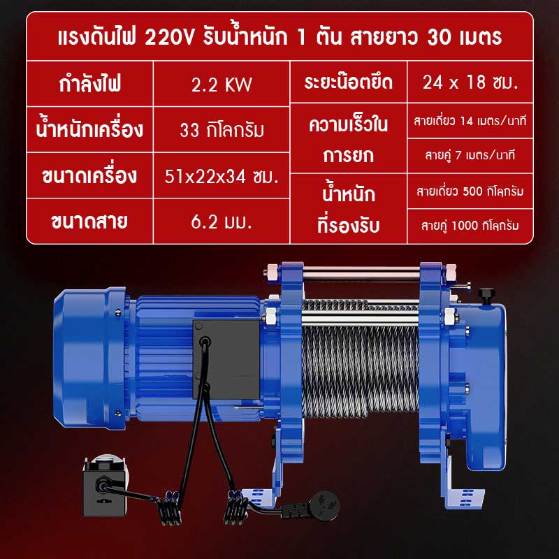 รุ่น 220V รับน้ำหนัก 1 ตัน สายสลิงยาว 100 เมตร
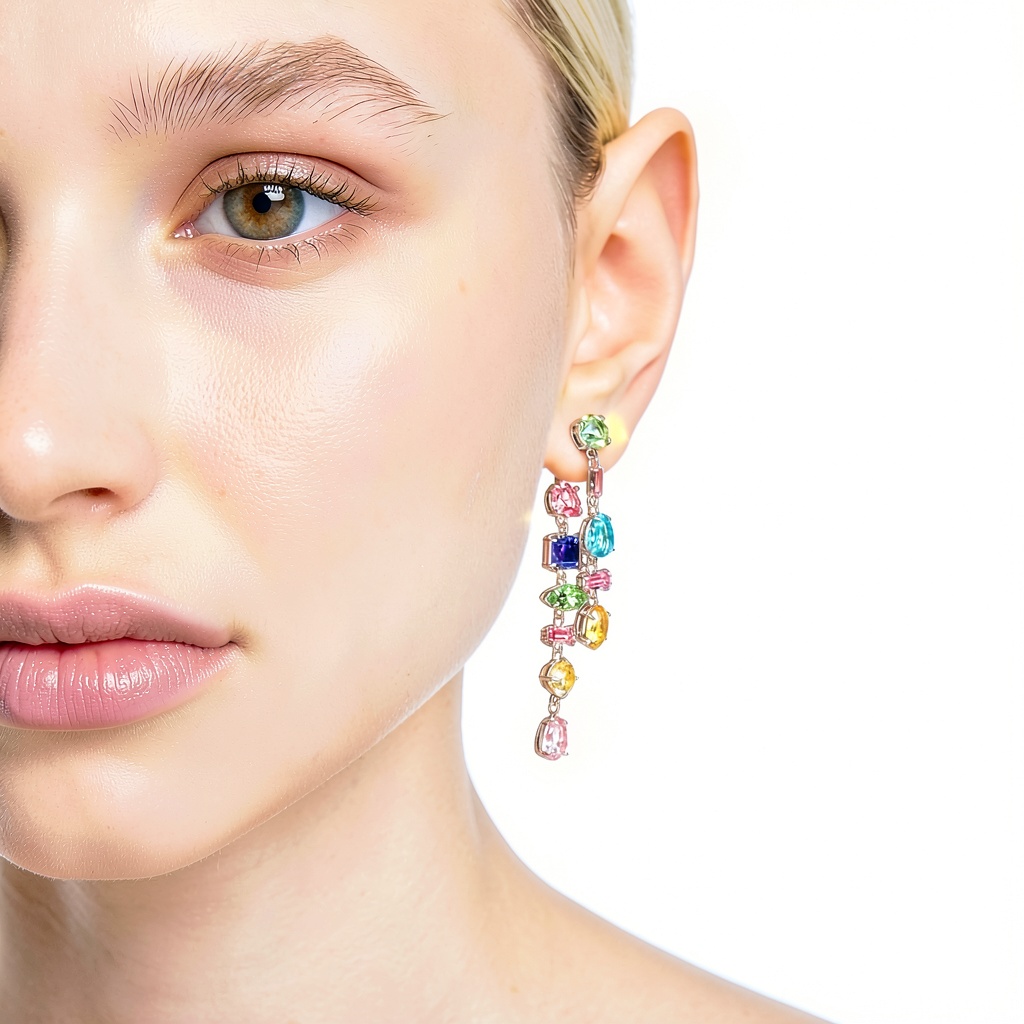 Questi orecchini sono perfetti per occasioni speciali come cene, eventi serali o feste, aggiungendo un tocco di lusso al tuo abbigliamento. Adatti per donne che amano uno stile allegro e sofisticato, possono essere indossati per completare look casual-chic o più formali. Abbinali a collane o bracciali della famiglia Gema per un coordinamento armonioso, enfatizzando la moltitudine di cristalli che catturano la luce in modo unico.
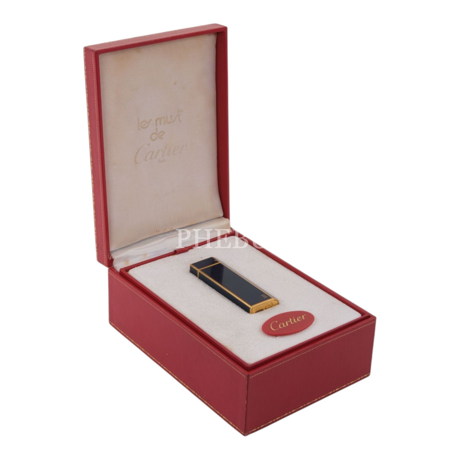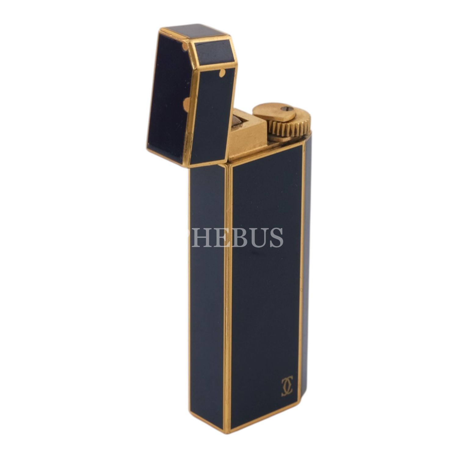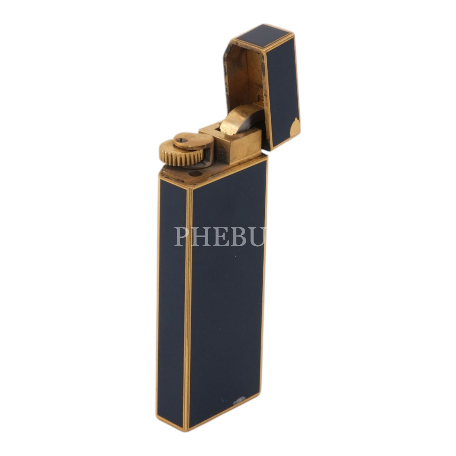 Cartier lacivert mineli, altın kaplama pentagon çakmak, 2.5 x 7.1 x 1.3 cm...
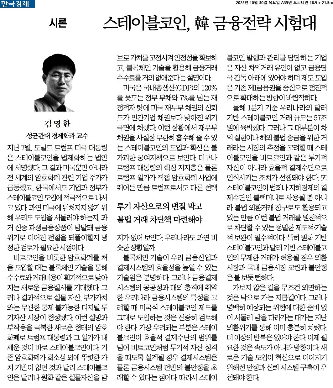 ① 지난 7월, 도널드 트럼프 미국 대통령은 스테이블코인을 법제화하는 법안에 서명했다. 그 결과 미국뿐만 아니라 전 세계의 암호화폐 관련 기업 주가가 급등했고, 한국에서도 기업과 정부가 스테이블코인 도입에 적극적으로 나서고 있다. 과연 미국에 뒤처지지 않기 위해 우리도 도입을 서둘러야 하는지, 과거 신종 파생금융상품이 남발돼 금융위기로 이어진 전철을 되풀이할지 냉정한 검토가 필요한 시점이다.

- [EXERCISE OBJECTIVE]
Word for word and without pictures, restate only the lines running from the one that contains "Cartier lacivert mineli, altın" through the last line of the listing above.

- [OUTPUT BELOW]
 Cartier lacivert mineli, altın kaplama pentagon çakmak, 2.5 x 7.1 x 1.3 cm...
 ① 지난 7월, 도널드 트럼프 미국 대통령은 스테이블코인을 법제화하는 법안에 서명했다. 그 결과 미국뿐만 아니라 전 세계의 암호화폐 관련 기업 주가가 급등했고, 한국에서도 기업과 정부가 스테이블코인 도입에 적극적으로 나서고 있다. 과연 미국에 뒤처지지 않기 위해 우리도 도입을 서둘러야 하는지, 과거 신종 파생금융상품이 남발돼 금융위기로 이어진 전철을 되풀이할지 냉정한 검토가 필요한 시점이다.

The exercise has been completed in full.